• **Data for review**
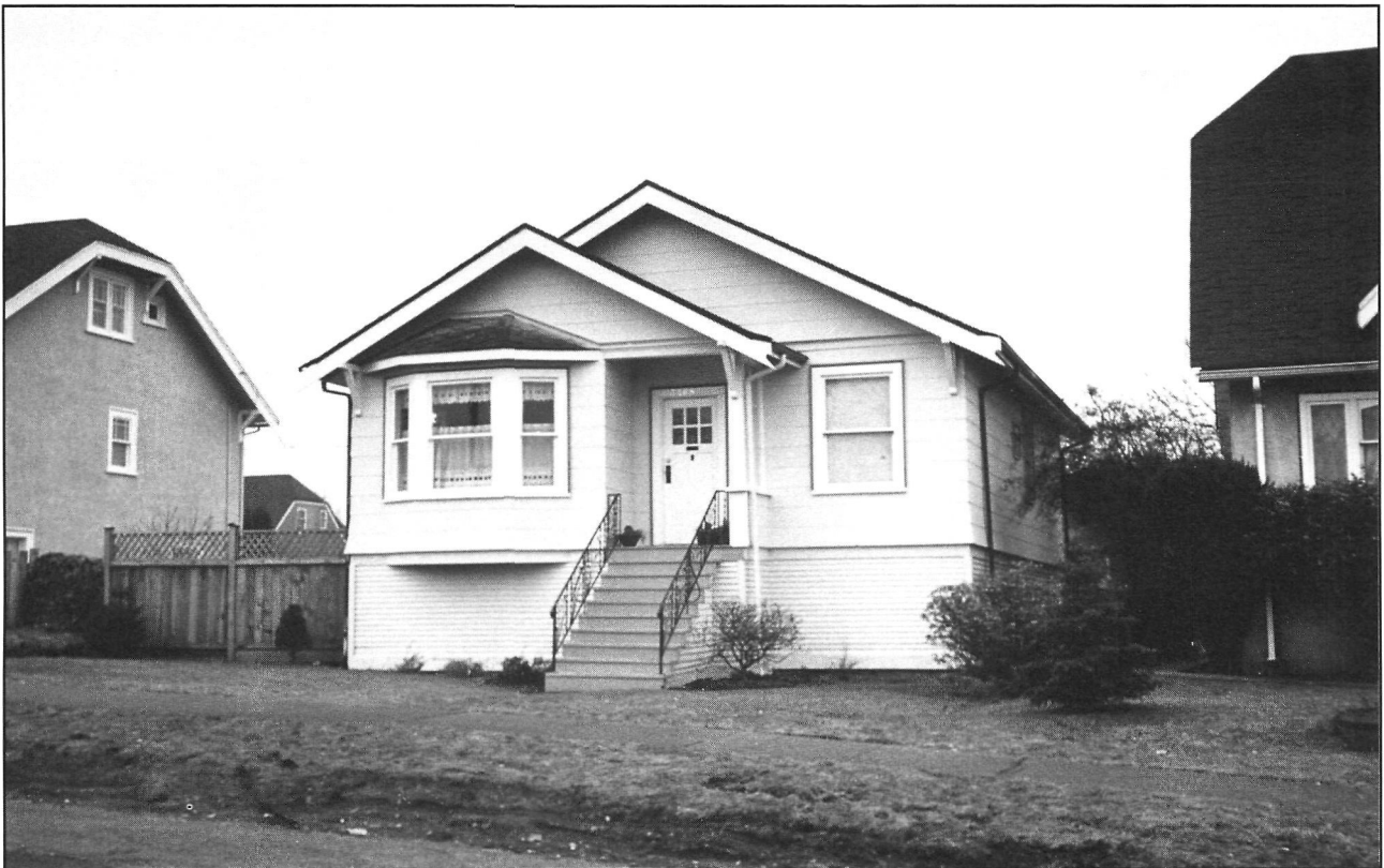
Figure 3: A City of Vancouver police officer originally lived in this $2,600, one-storey home, erected in 1920 on Triumph Street in East Vancouver under the Better Housing Scheme. The officer paid off his mortgage in 1937.

Still, if it did not benefit low-income households, the scheme did favour workers’ families. About 60% of Better Housing Scheme dwellings went up on the amalgamated city’s working-class east side, and about 40% were on the middle-class west side. 44 (See Figure 4.) The allotment committees gave the housing to applicants with up to $3,000 yearly income. Blue- and white-collar workers with the financial ability to repay their loans made up almost 80% of mortgagors between 1919 and 1929. 45 About 20% of the rest were
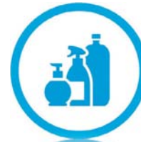
Water and chemical resistance
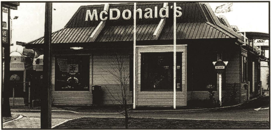
Figure 3. Opening shot establishes the location as a McDonald's: Kunwaara .
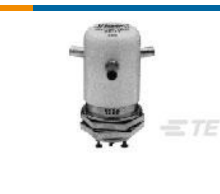
TE Part #1618278-1 KC-11=RELAY, VACUUM, SPDT
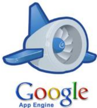
Fig. 1. Google App Engine Logo

Google App Engine is a Platform as a Service(PaaS). It is a Cloud Computing platform for developing and hosting web applications in Google-managed data centers. It offers automatic scaling for web applications. As the number of requests increases for an application, App Engine automatically allocates more resources for the web application to handle the additional demand.
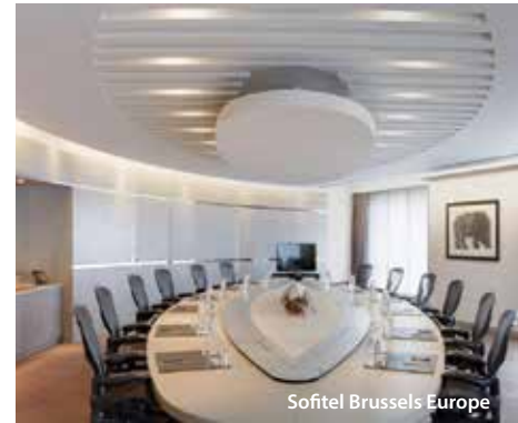
Sofitel Brussels Europe
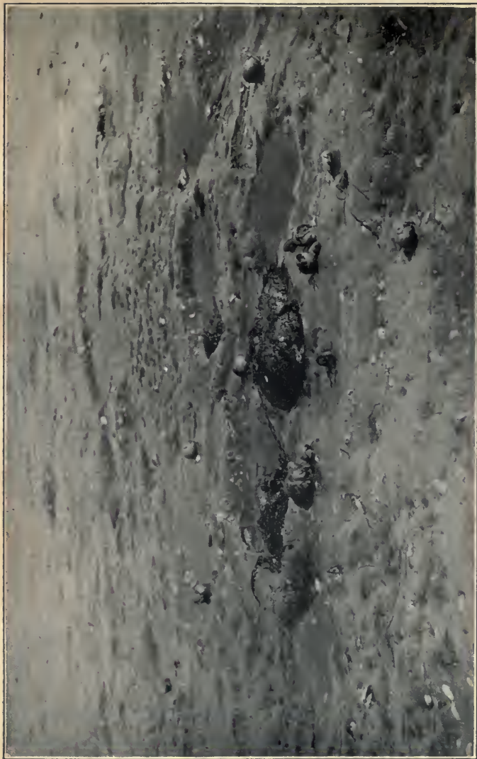
FIG. 3.— Struggle for Existence on a Clam Flat. Showing the destruction of Soft Clams by Horse-shoe Crabs ( Limulus ) and Cockles ( Lunatia ), Rowley Reef, Massachusetts.
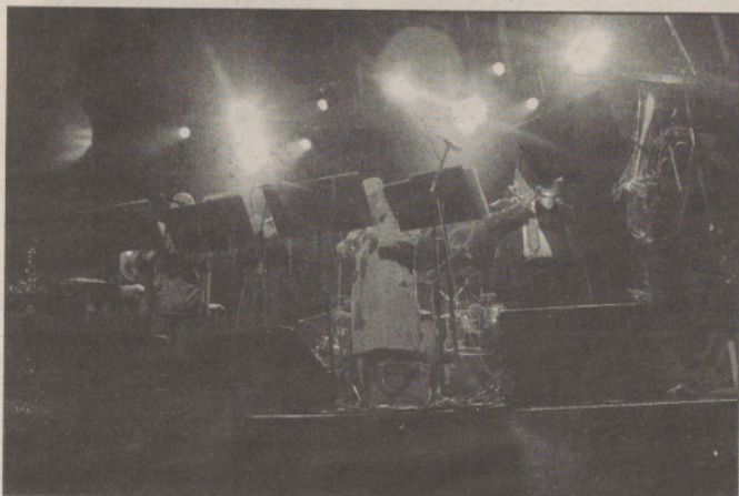
Above: Pink Martini and Friends lead Pioneer Square in hours of caroling, launching the season of holiday cheer and family-gathering festivities. The band played until the final countdown of the lighting of the tree. Top right: The tree that lit up Pioneer Square stands tall in Portland.
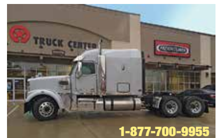
2015 Freightliner Coronado, DD15 Engine, Engine Brake, 70" Mid Roof Sleeper, 10 Spd, 3.36 Ratio, 262" Wheelbase, 24.5 Tires, All Aluminum Wheels, Warranty. New . (FDGR8234-SHV-3)

See a complete inventory of new and used trucks and trailers online at www.LonestarTruckGroup.com
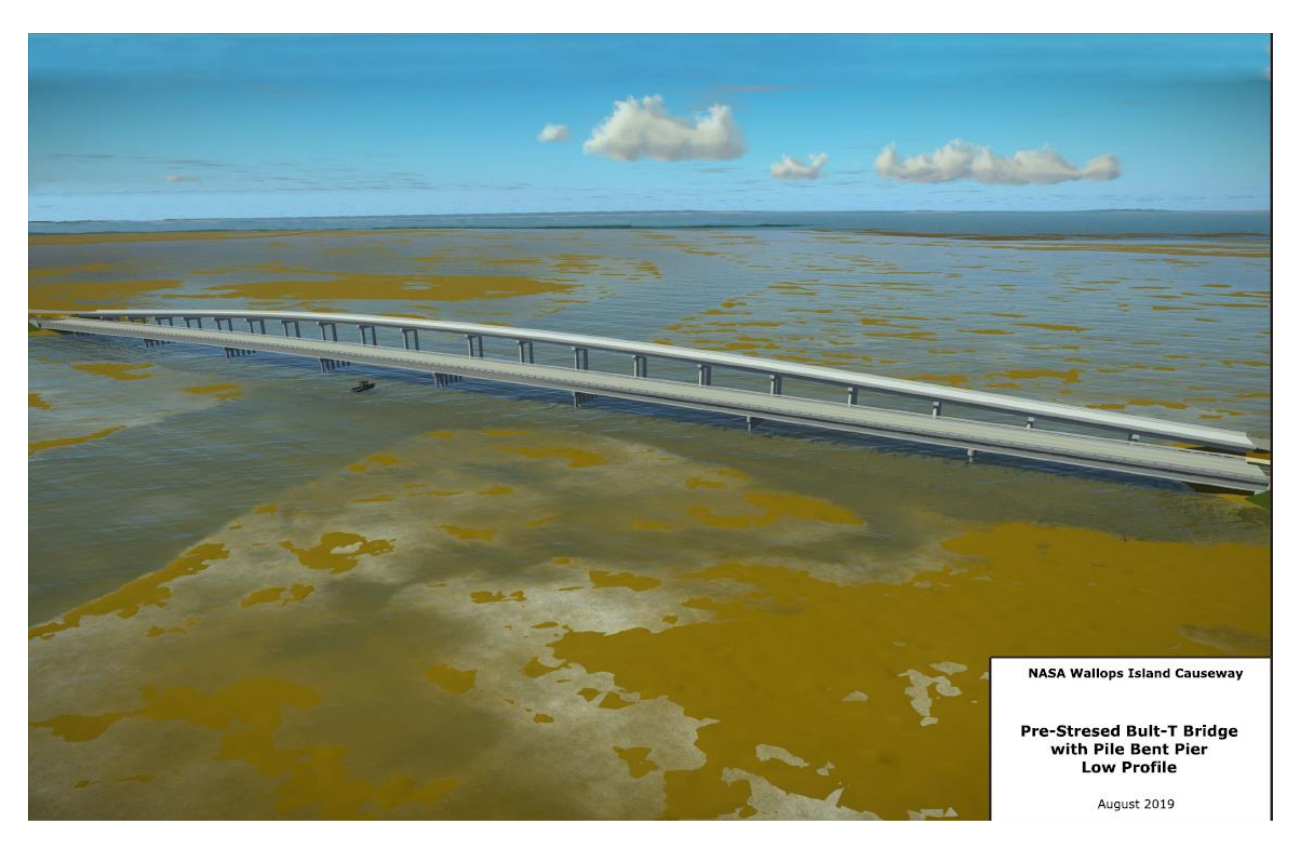
Wallops Island Causeway Bridge Replacement Envision Project
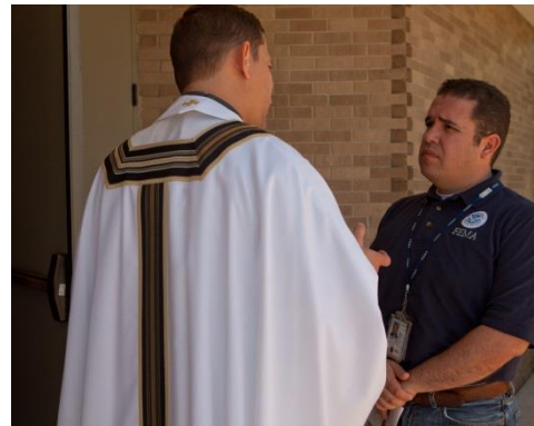
Pensacola, FL, May 18, 2014 – A Spanish speaking Disaster Survivor Assistance Team (DSAT) member listens to a priest's concerns at an event at St. John Church. FEMA's DSAT disseminated incident information in Spanish after Sunday service. Torrential rain from a pair of thunderstorms triggered major flash flooding in the area.

The DHS Center developed the seven-step engagement process in conjunction with the DHS Science and Technology Directorate to study and promote best practices on engaging faith-based and community organizations in emergency preparedness. The process can help jurisdictions improve emergency operations capabilities by helping them effectively engage faith-based and community groups. These groups, in turn, become significant force multipliers, connecting with historically underserved populations.
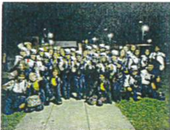
PMWHS marching band posing for a quick pic!
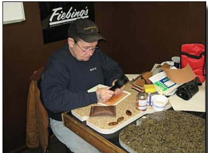
Woody prior to the rush
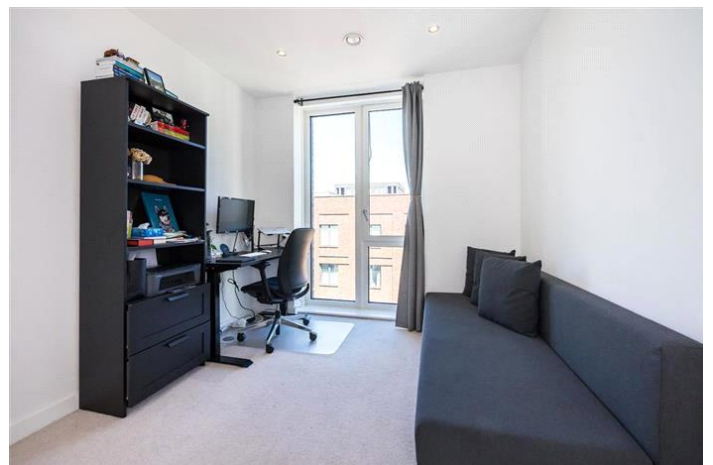
HAMME BUILDING, GALLEONS REACH, E16 OFFERS OVER £450,000 Leasehold
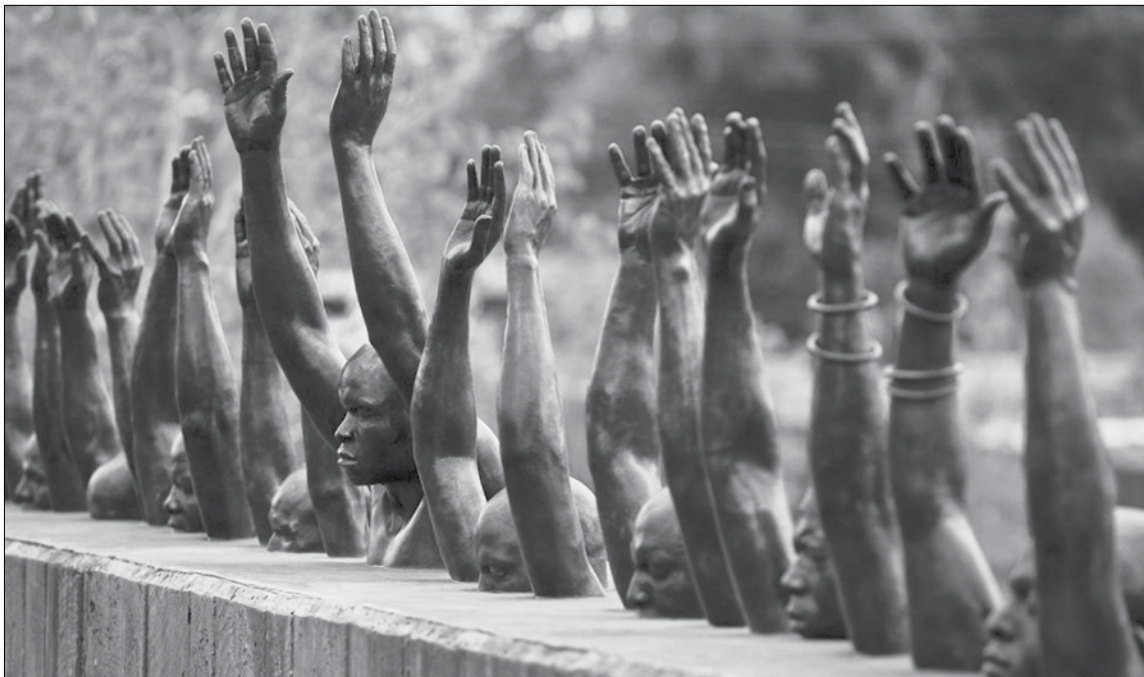
A bronze statue called "Raise Up" is part of the display at the new National Memorial for Peace and Justice in Montgomery, Ala. a new memorial to honor thousands of people killed in lynchings.
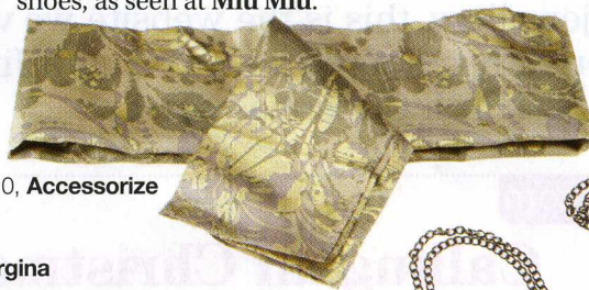
Scarf, £10, Accessorize
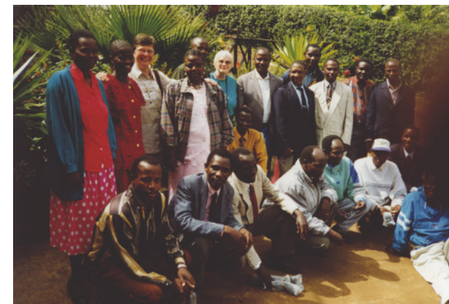
Evangelists and Parish Workers-Backbone of all parish work in the villages, gardeners at the roots!
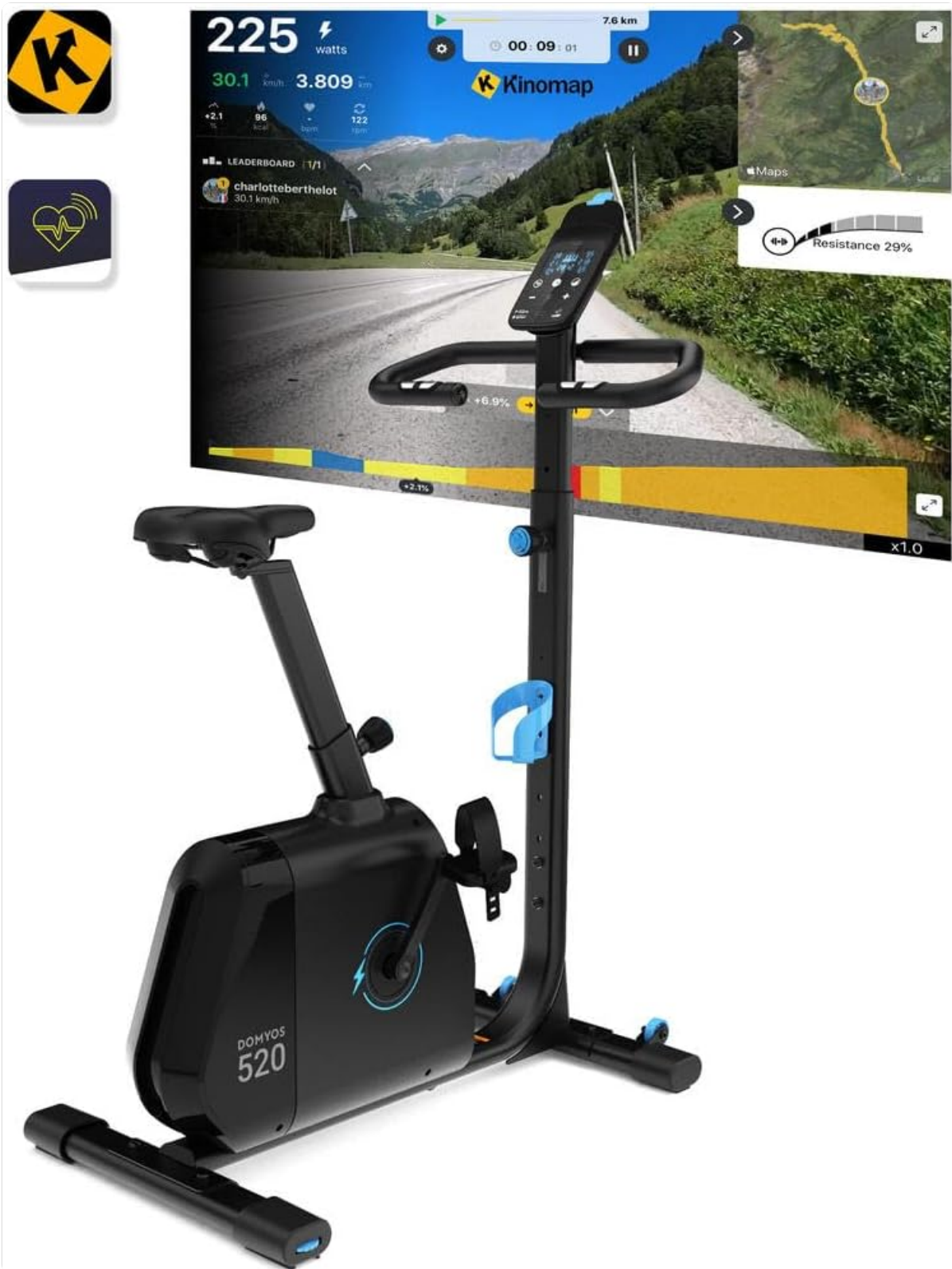
Image: The Domyos EB520 Exercise Bike with a tablet mounted on its console, displaying the Kinomap application, indicating connectivity features.
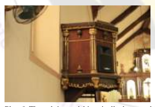
Plate 9. The pulpit panel, historically destroyed by the introduction of an electronic speaker in recent renovation works.
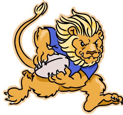
Log the lion
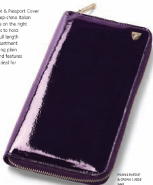
PURPLE PATENT & CREAM SUED 0441

ZIPPED TRAVEL WALLET & PASSPORT COVER ITEM CODE: 062-0827

• **Work request**
Reproduce the entries exactly, from the line with "Wallops Island Causeway" to the line with "Pensacola, FL, May", both lines included, keeping no pictures.

• **Response to the exercise**
Wallops Island Causeway Bridge Replacement Envision Project
Pensacola, FL, May 18, 2014 – A Spanish speaking Disaster Survivor Assistance Team (DSAT) member listens to a priest's concerns at an event at St. John Church. FEMA's DSAT disseminated incident information in Spanish after Sunday service. Torrential rain from a pair of thunderstorms triggered major flash flooding in the area.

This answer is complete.